>>>>>
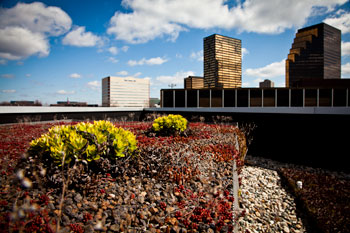 Lawrence Tech students use its green roofs, rainwater collection systems, solar power panels and other eco-minded facilities, such as the Alfred A. Taubman Student Services Center, as living laboratories. The student center was constructed with recyclable materials and has 120 geothermal wells that heat and cool the building. It also has a 10,000-square-foot green roof that controls and reducers water runoff, absorbing water into the roof and sending the remaining into a 12,000-gallon cistern that stores gray water.
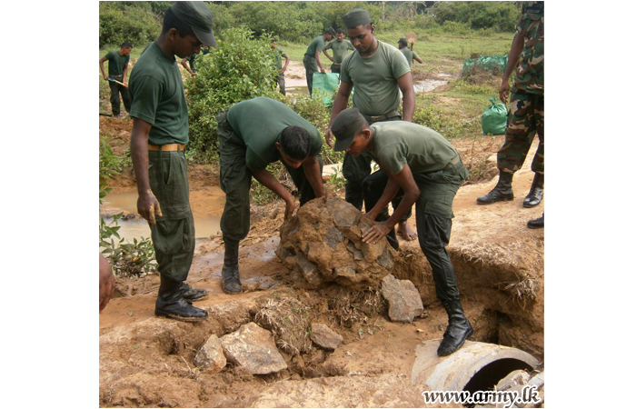 Troops on standby to assist flood-affected civilians in Kilinochchi area offered their support for renovation of a culvert that was washed away by floods, situated in close proximity to the Advanced Infantry Platoon Training school in Barathipuram, Kilinochchi.
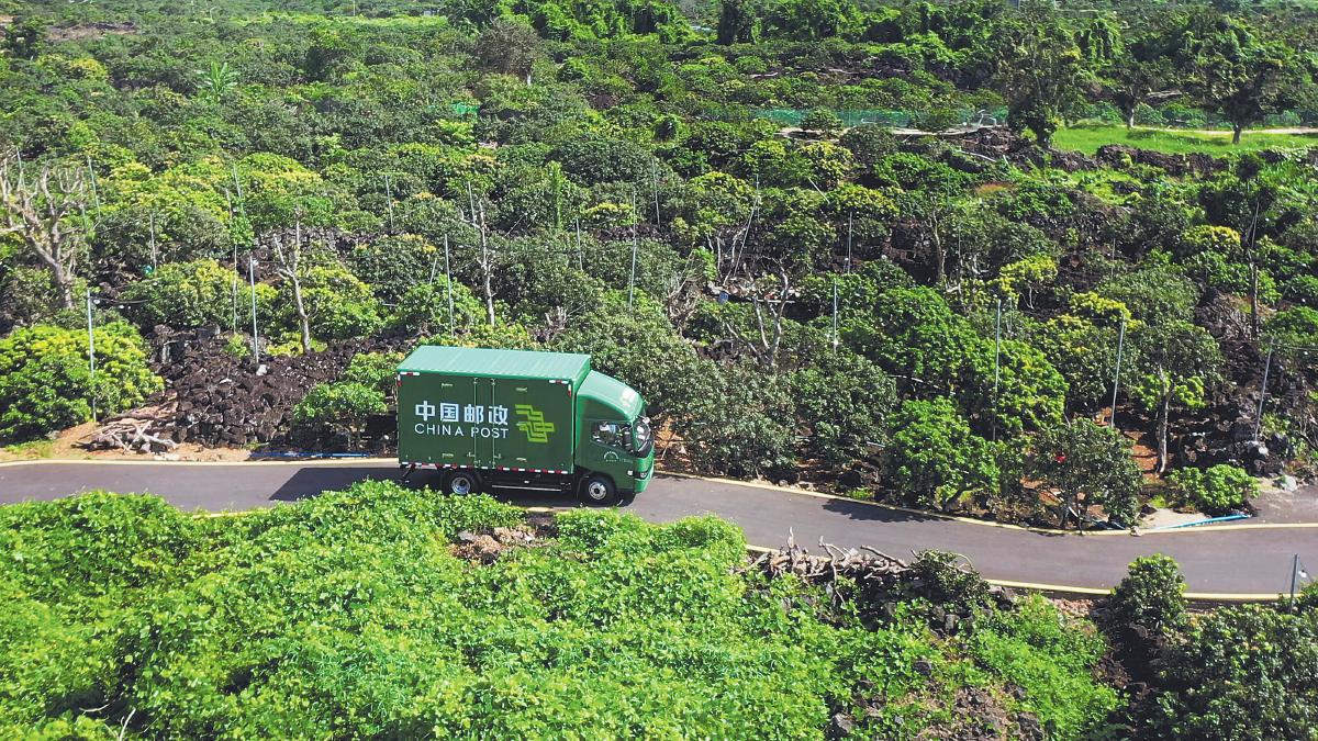 運(yùn)送荔枝郵件的郵車行駛在荔枝產(chǎn)區(qū)。
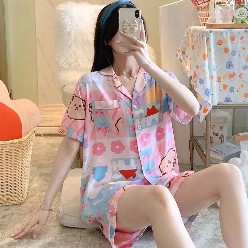 Главная страница > Пижама женская летняя Милая мелок Синь новый свежий студенческий мультфильм с короткими рукавами Кардиган Верхняя одежда летняя Домашняя одежда костюм
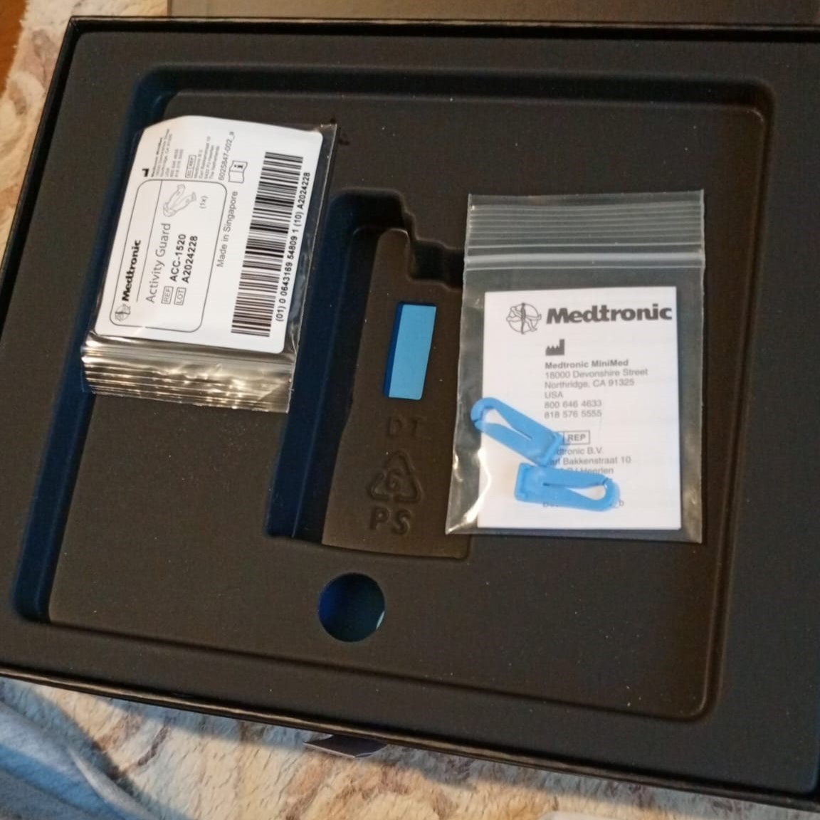 - 1 Activity Guard: In its original sealed packaging (with Medtronic logo). Label Information: REF ACC-1520. This part is used to prevent accidental presses of the device’s buttons or to secure it with a clip.
<<<<<
DESCRIPTION OF THE TASK: Transcribe exactly the lines from the one with "Главная страница >" to the last line of the records, both included, so that no picture appears in the copy.

OUTPUT OF THE TASK:
 Главная страница > Пижама женская летняя Милая мелок Синь новый свежий студенческий мультфильм с короткими рукавами Кардиган Верхняя одежда летняя Домашняя одежда костюм
 - 1 Activity Guard: In its original sealed packaging (with Medtronic logo). Label Information: REF ACC-1520. This part is used to prevent accidental presses of the device’s buttons or to secure it with a clip.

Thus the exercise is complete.